Given data:
**********
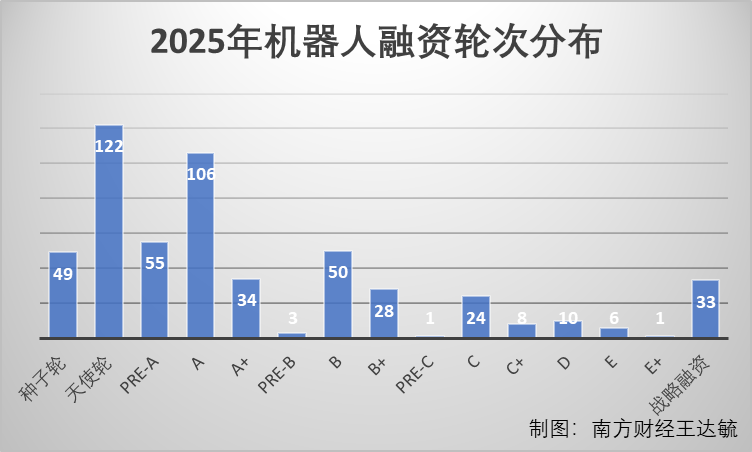 从融资轮次结构来看,这一特征表现得尤为明显。以2023-2025年为统计周期,机器人赛道融资轮次主要集中于种子轮、天使轮及A轮阶段,约七成融资事件发生在这一区间。
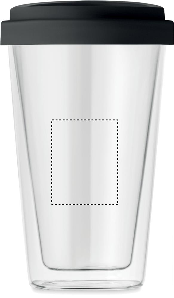 Kaksiseinäinen 350 ml borosilikaatti juomalasi, silikonisella kannella.
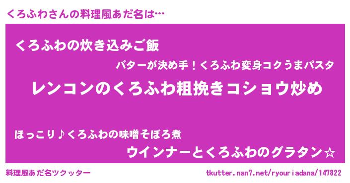 | 意味不明あだ名 | 『自称くろふわ』『くろふわフォーエバー』 |
**********
Directions: Copy out all the data without changing anything, and drop the pictures.

Task result:
 从融资轮次结构来看,这一特征表现得尤为明显。以2023-2025年为统计周期,机器人赛道融资轮次主要集中于种子轮、天使轮及A轮阶段,约七成融资事件发生在这一区间。
 Kaksiseinäinen 350 ml borosilikaatti juomalasi, silikonisella kannella.
 | 意味不明あだ名 | 『自称くろふわ』『くろふわフォーエバー』 |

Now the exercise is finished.